19 All my inward friends abhorred me: and they whom I loved are turned against me.
Bütün yakın dostlarım benden iğreniyor, Sevdiklerim yüz çeviriyor.
20 My bone sticks to my skin and to my flesh, and I am escaped with the skin of my teeth.
Bir deri bir kemiğe döndüm, Ölümün eşiğine geldim.
21 Have pity on me, have pity on me, O you my friends; for the hand of God has touched me.
“Ey dostlarım, acıyın bana, siz acıyın, Çünkü Tanrı'nın eli vurdu bana.
22 Why do you persecute me as God, and are not satisfied with my flesh?
Neden Tanrı gibi siz de beni kovalıyor, Etime doymuyorsunuz?
23 Oh that my words were now written! oh that they were printed in a book!
“Keşke şimdi sözlerim yazılsa, Kitaba geçseydi,
24 That they were graven with an iron pen and lead in the rock for ever!
Demir kalemle, kurşunla Sonsuza dek kalsın diye kayaya kazılsaydı!
25 For I know that my redeemer lives, and that he shall stand at the latter day on the earth:
Oysa ben kurtarıcımın yaşadığını, Sonunda yeryüzüne geleceğini biliyorum.

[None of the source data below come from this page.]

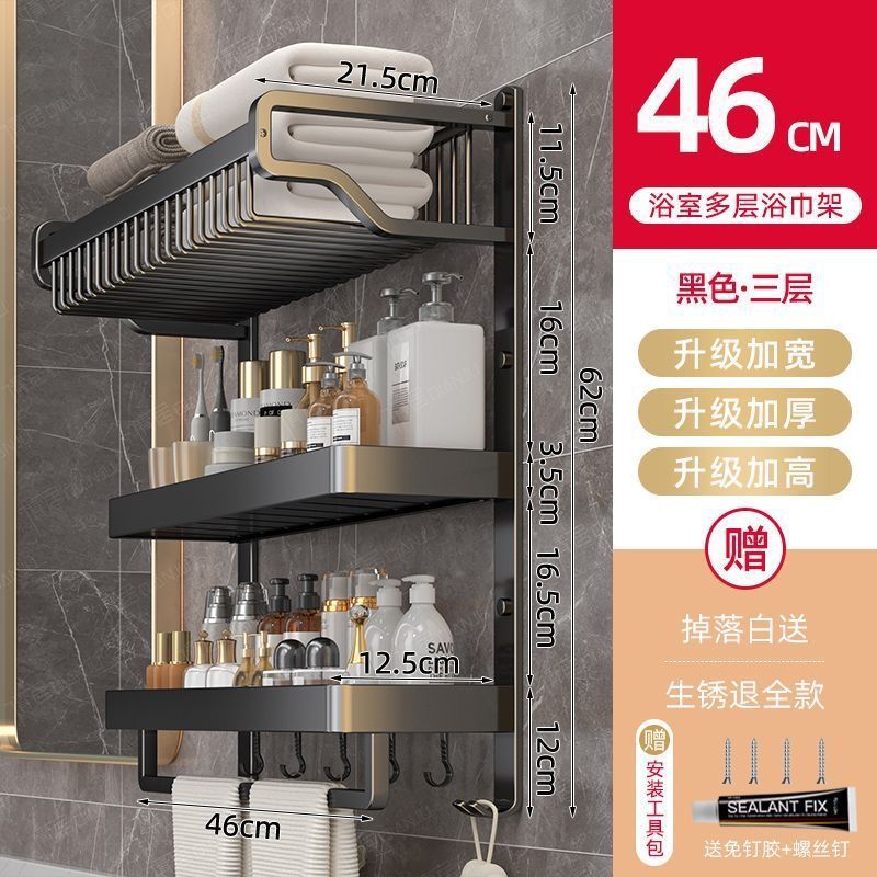 black three-layer mesh basket storage rack 60cm
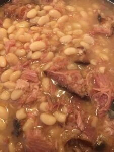 After two hours take a spoon and test a few beans to see if they are tender. If they are soft and creamy you can remove the ham bone from the pot. Cut any remaining meat off the bone and shred it into small pieces before adding it back into the stew.
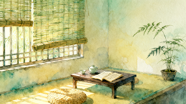 “可以调素琴,阅金经。无丝竹之乱耳,无案牍之劳形”,继续深化“陋室之雅”,写作者在陋室中的生活情趣,进一步凸显“安贫乐道”的心境。“调素琴”“阅金经”是作者的日常——弹奏不加装饰的素琴(“素琴”喻质朴的雅趣),阅读珍贵的佛经(“金经”喻精神的滋养),这两种活动都远离世俗的喧嚣,透着精神生活的充实;“无丝竹之乱耳,无案牍之劳形”则从反面衬托——没有世俗丝竹声的扰乱,没有官府公文的劳烦,“乱耳”“劳形”暗指官场的繁杂与功利,“无”字显作者脱离官场后的轻松与自在。这四句一正一反,既写“雅趣”,更藏“避俗”,让“安贫乐道”不再是空洞的口号,而是具体可感的生活状态。朗诵时需语调舒缓闲适,“调素琴”“阅金经”读得柔和,显生活的惬意;“无丝竹”“无案牍”读得释然,传递脱离官场的轻松,让声音中满是“不为外物所累”的超脱。
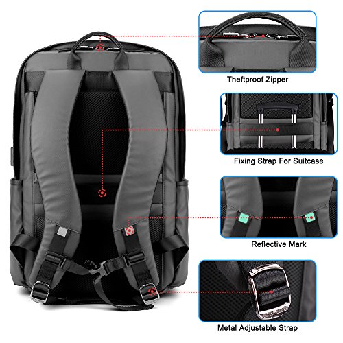 -. Binding : Electronics -. Brand : Modoker -. Color : Black -. EAN : 5294225015290 -. Feature : External USB Interface: You can easily and conveniently charge your phone, tablet and other devices without opening up the backpack. / High-Quality Material: Made of water repellent, tear-resistant and anti-scratch 1680D double-pile polyester for lasting durability. / Multi-Compartment:17 x 12.6 x 6.3 inches. Generous main compartments with padded sleeve for 15.6-inch laptops and several functional pockets allow you to keep all of your gear secure and organized in its place. / Anti-Theft: The hidden zipper and invisible pockets located on the back keep your laptop and other valuables safe and handy. / Comfort: The innovative weight balance design makes you feel 20%-25% less weight. The body side and shoulder straps have excellent thick breathable mesh padding, offering your back plenty of cushioned comfort. -. Label : Modoker -. Manufacturer : Modoker -. ProductGroup : PC Accessory -. ProductTypeName : CARRYING_CASE_OR_BAG -. Publisher : Modoker -. Studio : Modoker -. Title : Modoker Anti Theft Business Laptop Backpack with USB Charging Port Water Resistant Computer Bags Under 17.3 Inches Notebook, Black
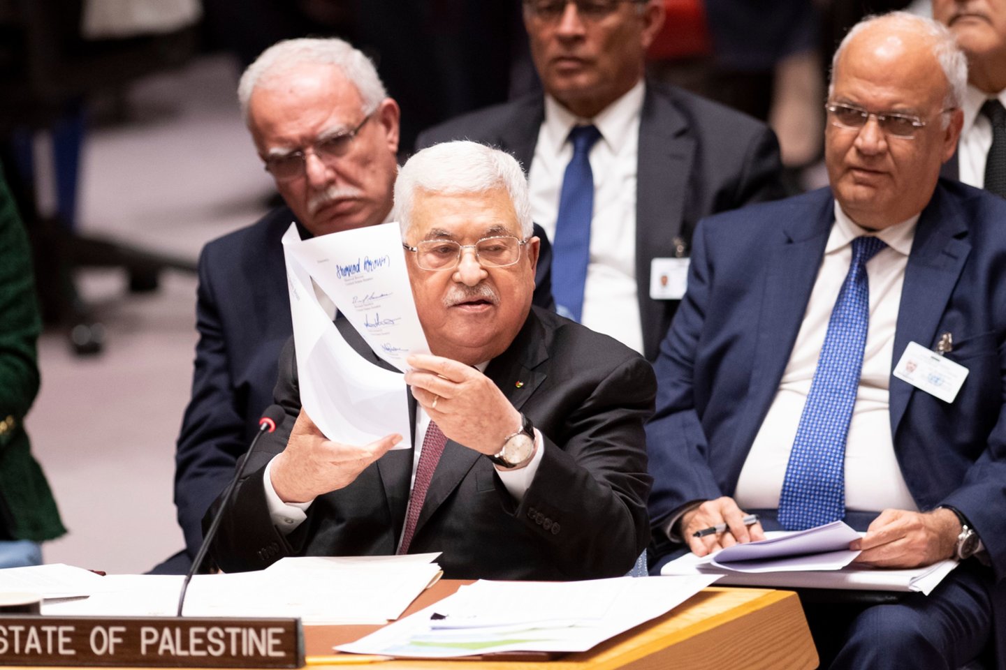 „Jeigu primesite taiką, ji nebus tvari, ji negali būti tvari, – kalbėjo M. Abbasas. – Kas suteikia jums teisę aneksuoti šias žemes?“
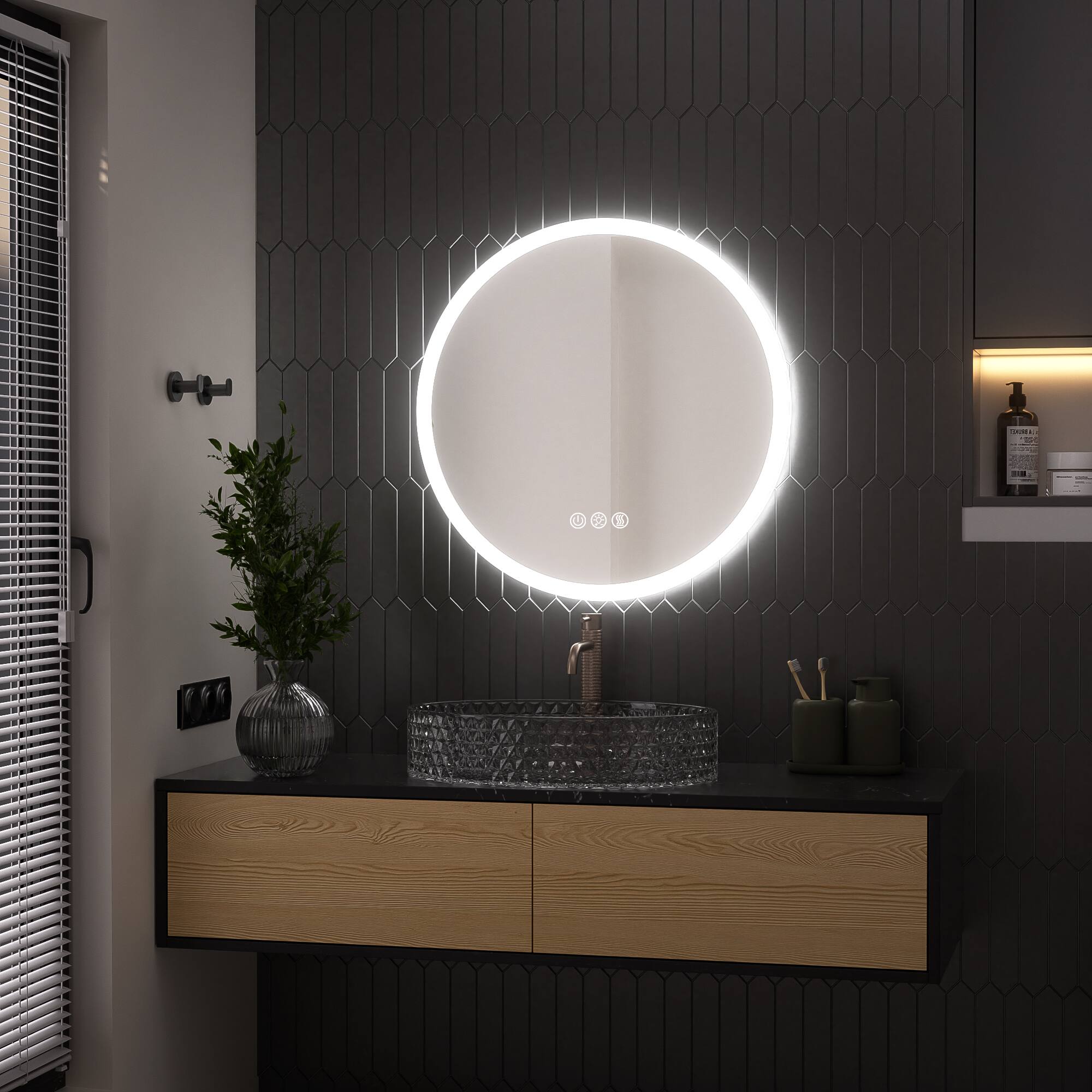 - A:Answer Yes, the mirror has a built-in anti-fog feature to ensure a clear reflection.
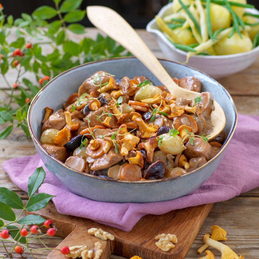 Ansa svampen och smörstek svampen i ett annat stekjärn under tiden. Toppa grytan med kantareller och garnera med timjankvistar. Servera med kokt potatis och bönor.
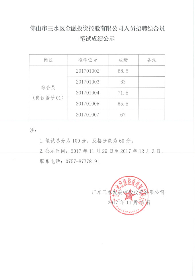 佛山市三水区金融投资控股有限公司人员招聘综合员笔试成绩公示
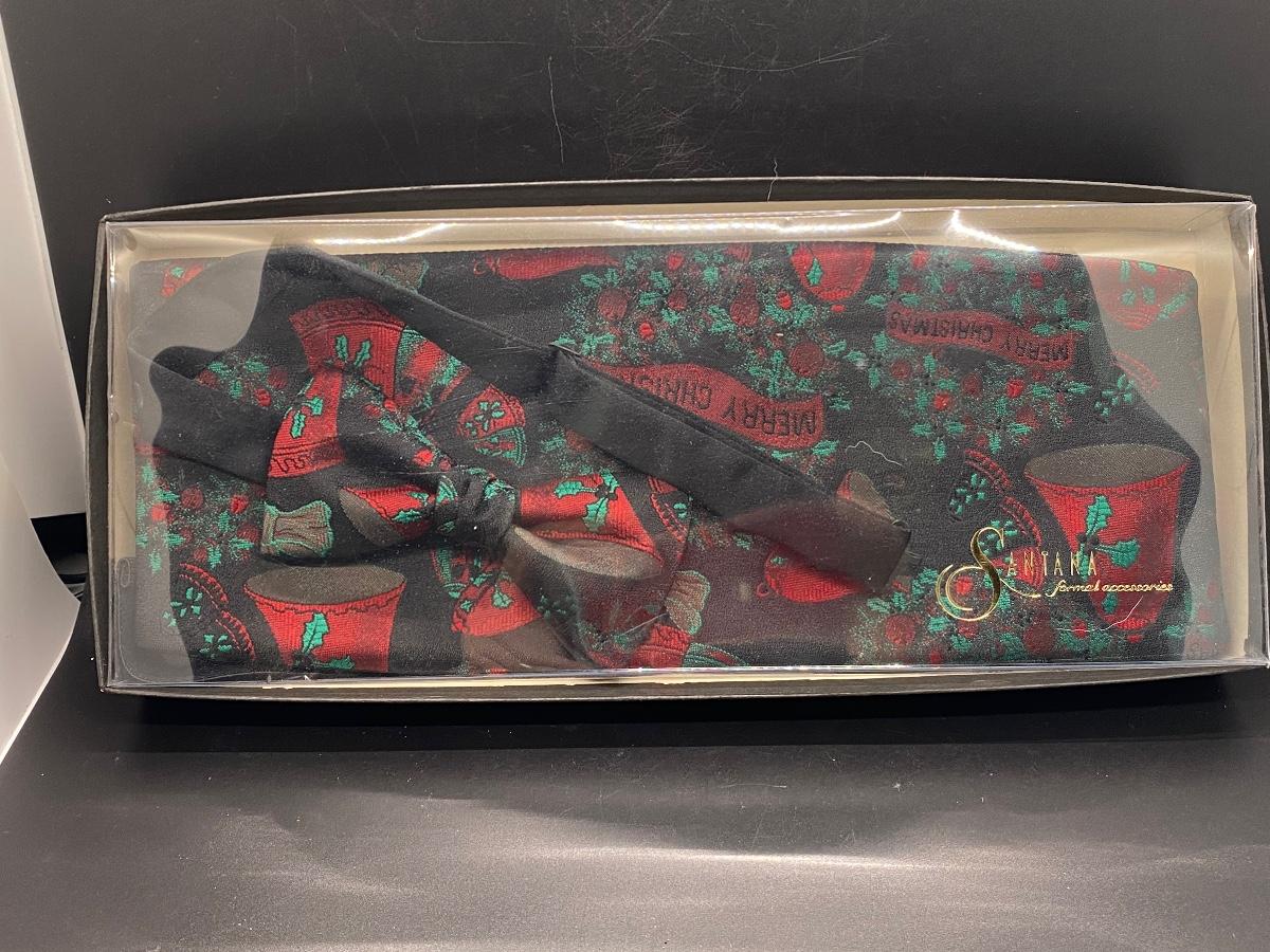 Vintage Merry Christmas Holiday Cummerbund and Bow Tie Set

26 And though after my skin worms destroy this body, yet in my flesh shall I see God:
Derim yok olduktan sonra, Yeni bedenimle Tanrı'yı göreceğim.
27 Whom I shall see for myself, and my eyes shall behold, and not another; though my reins be consumed within me.
O'nu kendim göreceğim, Kendi gözlerimle, başkası değil. Yüreğim bayılıyor bağrımda!
28 But you should say, Why persecute we him, seeing the root of the matter is found in me?
Eğer, ‘Sıkıntının kökü onda olduğu için Onu kovalım’ diyorsanız,
29 Be you afraid of the sword: for wrath brings the punishments of the sword, that you may know there is a judgment.
Kılıçtan korkmalısınız, Çünkü kılıç cezası öfkeli olur, O zaman adaletin var olduğunu göreceksiniz.”